By the way, although this is long since old news, that beard thing didn’t work out. Long after I shaved it, I ran into one of my favorite people (at a health food store!) who commented “You’re growing a beard there”. I was sheepish to confess: “No, this is just laziness.”

Tia’s been telling me some cute things our son has been doing while I have the misfortune of missing out on that at work (while I pursue other fortunes!). I’ll write them next entry.

Mago Update 12

Wednesday, March 7th, 2007

Here are some of his recent utterances and activities that stand out in my memory - more recent first (the rest becomes a blur and these would too if I didn’t write it down). He’ll be two years old in a week and a half.
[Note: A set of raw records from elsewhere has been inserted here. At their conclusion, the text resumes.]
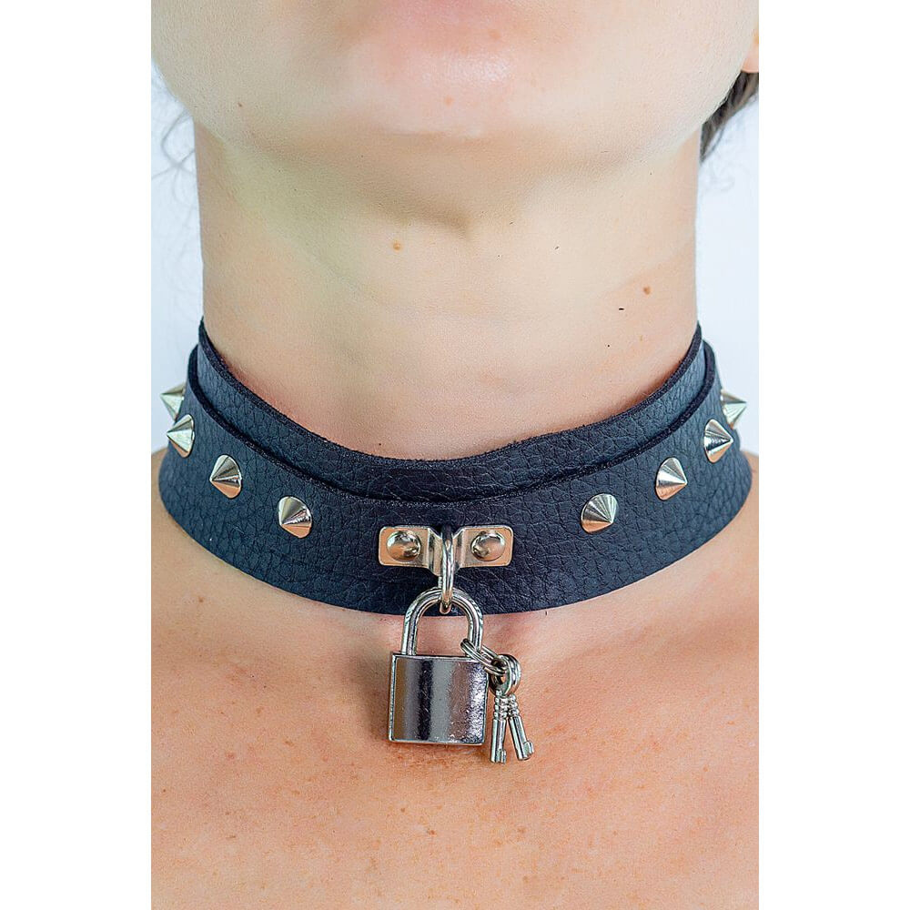 Gargantilha feito em couro sintético que possui cadeado com par de chaves, botões de pressão com 3 etapas de ajuste e detalhe em spike de níquel. Explore a pratica do sadomasoquismo e vivencie momentos intensos e dominadores.
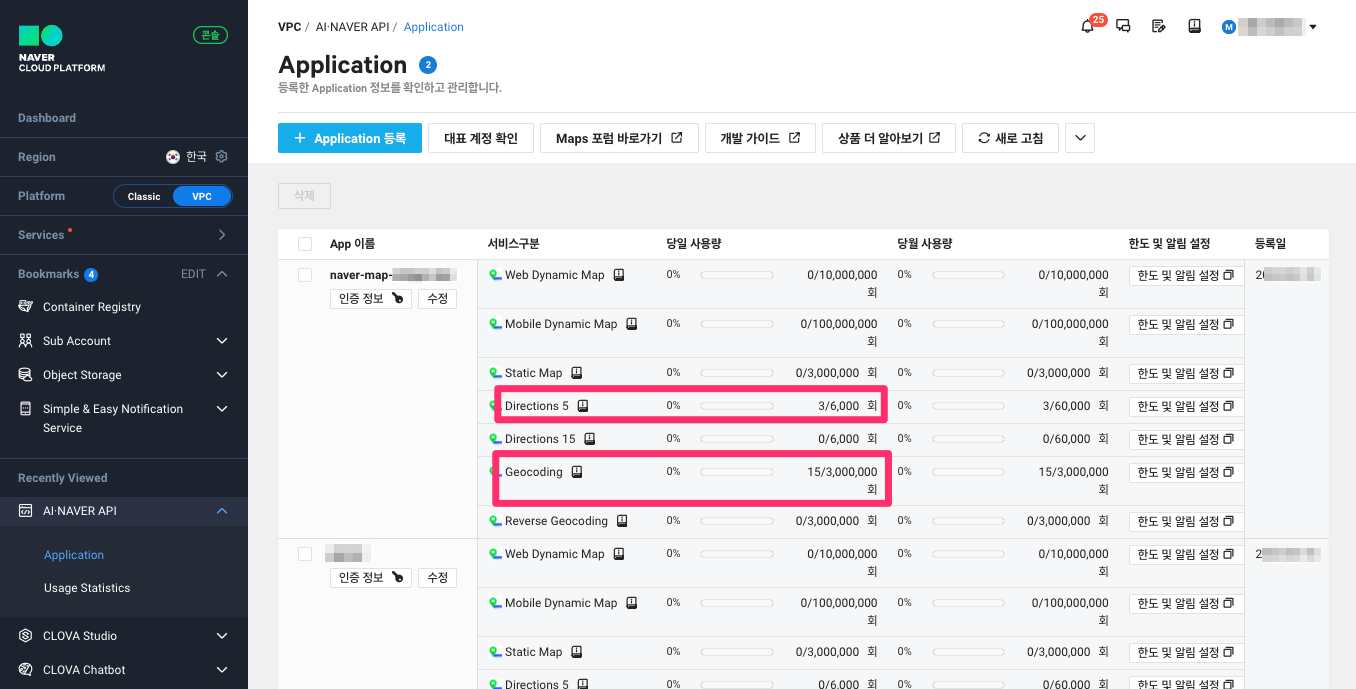 - 대상 API(7종) : Mobile Dynamic Map, Web Dynamic Map, Static Map, Geocoding, Reverse Geocoding, Directions5, Directions15
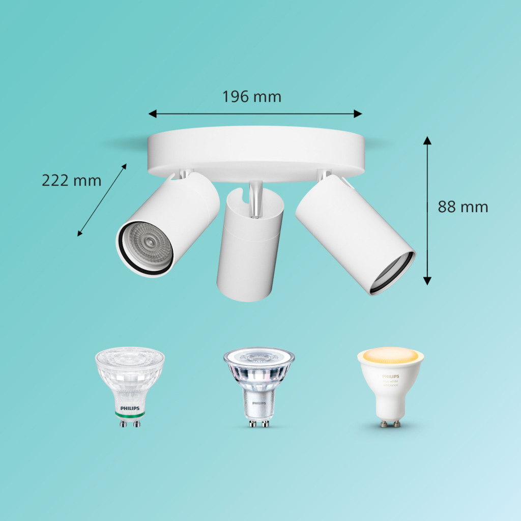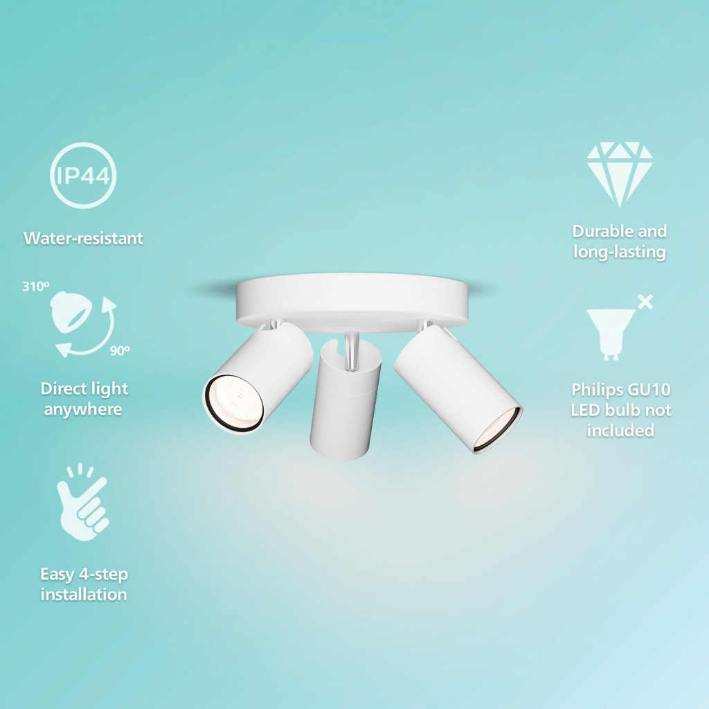 Mennyezeti lámpa Spotlámpa 3x GU10 IP44 Fehér Kosipo Philips
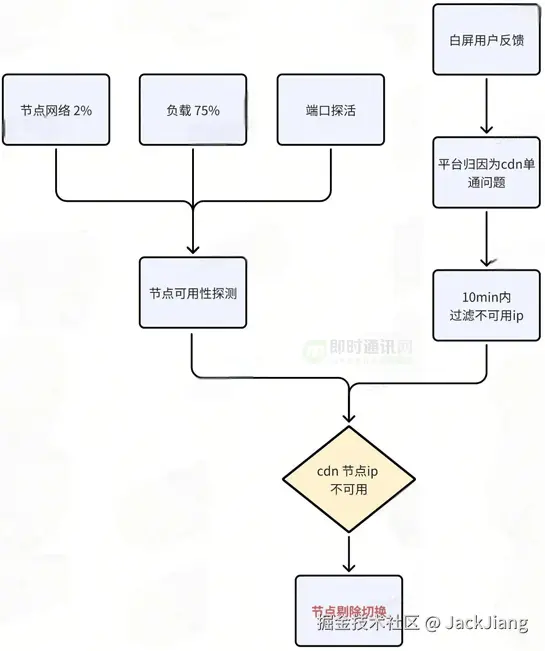 我们针对云厂商的到端链路监控以及白屏用户反馈的潜在非到端问题,通过平台归因1min内的CDN请求 & 网络诊断的情况,并经过人工确认为CDN单通问题后,进行节点剔除切换,优先处理节点抖动带来的影响面问题。

This morning he wandered off down the hall babbling; we didn’t know where he went. After a while I went and saw him descending back down the stair he had gone up; he had gone up and accross the dining room and into the kitchen, and reached high onto the counter to fetch the big tupperware tub of cookies he was now holding in his arms. When he saw me he explained: “I’m bringing a present to mommy.” I went and told Tia this before he arrived. When he gave it to her he said “I’m Santa Claus.”

The other day he sat with Tia and had her read through five children’s books in a row - he devours them.
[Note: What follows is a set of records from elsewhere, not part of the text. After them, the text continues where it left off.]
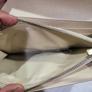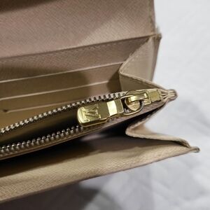 Clean wallet, made in Spain 2010, some coins residues on inside coins pocket, zipper works fine, hardware is clean, authentic, stamp and date code on pictures.... Elegant and stylish, this Louis Vuitton wallet features a classic checkered design in beige. Perfect for any occasion.
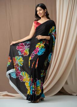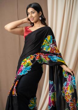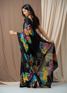 Drape yourself in ethereal elegance with our Black Floral Organza Digital Print Saree. Crafted from luxurious organza, this saree features a mesmerizing digital print bursting with vibrant floral motifs against a sophisticated black canvas.
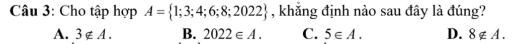 Câu 3: Cho tập hợp A={1;3;4;6;8;2022} , khẳng định nào sau đây là đúng?
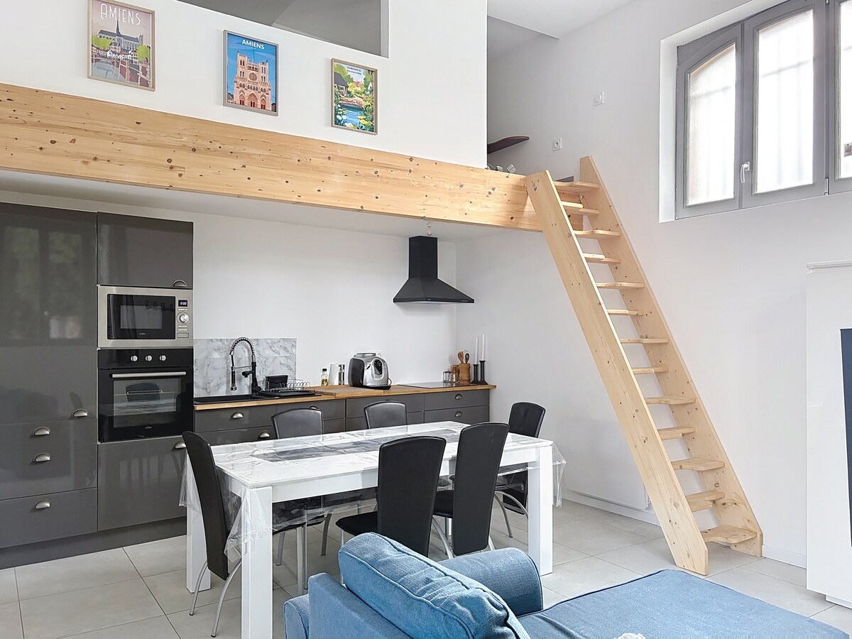 ✨ Loft 50 m² – Centrum Amiens Bo i detta vackra 50 m² ljusa loft, idealiskt beläget i hjärtat av Amiens, i ett lugnt och säkert område med utomhuskamera. Ett stenkast från katedralen, Saint-Leu, tågstationen och butiker, allt ligger inom gångavstånd. Bekväm och elegant, den är perfekt för en turist, affärsresa eller romantisk vistelse. 🚗 Gratis gatuparkering (i mån av tillgång).
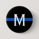 This police thin blue line button has a horizontal blue stripe on a black background and a monogram initial in white for you to personalise.
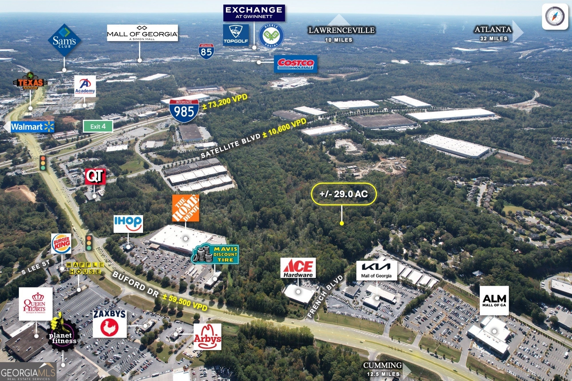 PROPERTY OVERVIEW Norton Commercial is proud to present a +/- 29.0-acre land opportunity located off French Blvd, just south of Buford Drive (GA Hwy 20 in the Mall of Georgia corridor. The property features C-2 & R-100 zoning, providing exibility for a wide range of potential uses, including commercial, residential, or light industrial development. An abandoned road (Mason Mill Rd runs through the property, and all utilities are available including sewer with multiple man holes on site. Approximately 13 acres are upland, with the remaining 16 acres within oodplain or stream-setback areas, offering a balanced mix of usable acreage and natural buffers. The site's size, access, and zoning diversity make it a highly adaptable opportunity in one of Gwinnett County's most active growth corridors. LOCATION OVERVIEW Located just 2.5 miles from the Mall of Georgia and near The Exchange at Gwinnett, the property benets from exceptional regional connectivity and access to major retail, dining, and employment centers. French Blvd connects directly to Buford Drive, a primary commercial corridor, and the site is positioned just off I-985 Exit 4, ensuring convenient access throughout North GA and Metro Atlanta. The property is within the Buford City School District, ranked #1 in Georgia for overall excellence. This award-winning district is recognized for its academic rigor, championship athletics, and strong community culture, making it one of the state's most desirable. Buford Academy, Buford MS, and Buford HS continue the district's tradition of excellence and community pride.Surrounded by strong residential and commercial growth, this location presents an outstanding opportunity for future mixed-use, investment or redevelopment projects.
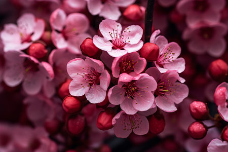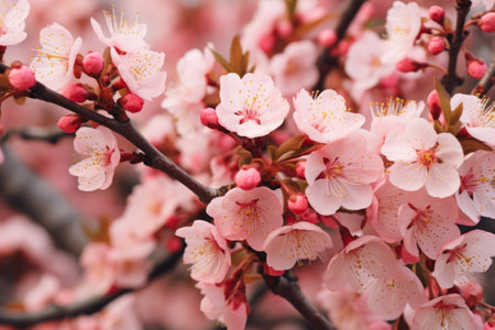 Generative AI : Detail of prunus persica tree springtime flowers blooming
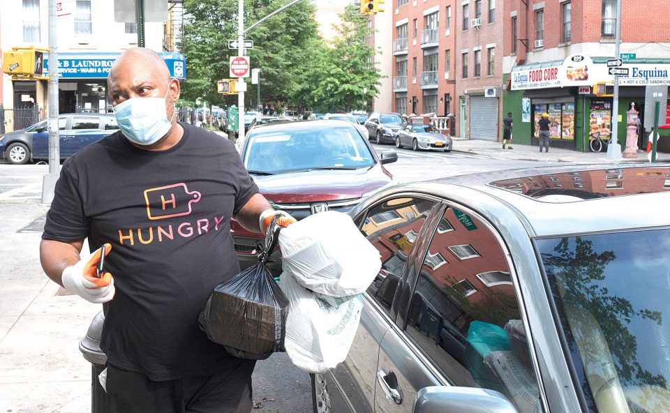 The Associated Press / Driver Frank Robinson delivers prepackaged meals in New York on Tuesday. Catering startup HUNGRY pays more than 200 drivers to deliver prepackaged meals to stay-at-home elderly people and low-income children.
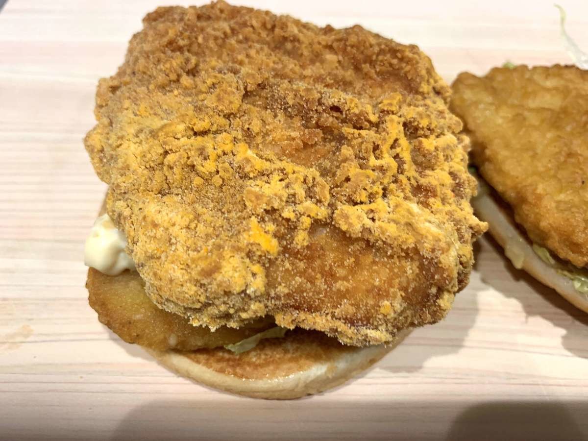 ですが、今回のアレンジではバンズの代わりにシャカチキが挟まっています。チキン・チキン・チキンで背徳過ぎます。

We give him a sticker (right now they are little smily faces) and place it on the side of his book shelf every time he sleeps through the night without us tending to him. For his nap this past Saturday he wasn’t staying in his bed, so I told him he’d have to go to bed himself, and I left the room. He wasn’t sad about this, and was playing with the stickers on the bookshelf beside his bed. I never heard anything after this, and came back after a while to find him curled up on the arm of the armchair, his arm over the side, fast asleep without any blanket. I put blankets on him and he slept that way for an hour or so.

When he woke up we noticed after a while that he’d taken the smily face stickers off the bookshelf and stuck them all over the chest of his shirt.

We went to Cabella’s in Lehi because they have a lot of large trophy wildlife which he loves to see - deer, bears, foxes, wolves, moose, marsupials and birds of all kinds. In a display in a north room they also had an odd animatronic wildlife expert/sportsman extrapolating on the wildlife in an appropriate mountain man hick voice. Mago watched this for a while and then gave a short laugh, saying: “Huh, that’s kinda funny.”

He loves sunglasses, and mangled a pair into ruin though we fix it again and again (although he seems to be taking much better care of three newer ones he has). Tia doesn’t know how he ended up doing this, and thinks she must have shown him - he’ll put the sunglasses on, then raise them to his forehead and say:

‘Sup?

We went to the Thanksgiving Point Museum of Ancient Life (he loved this and talked about it for days - note: the Supersaurus hip they found and the approximation of the full animal’s indicated size, rendered with a full diplodocus skeleton - is overwhelming. I am glad dinoasaurs are not alive anymore). I read and told Mago the names of many things (and apparently so did Tia). When we drove away from the museum he looked at the very large Tyrannosaurus Rex painted relief on the side of the building and said “Goodbye, Ty-rann-a-saurus-ruckus!”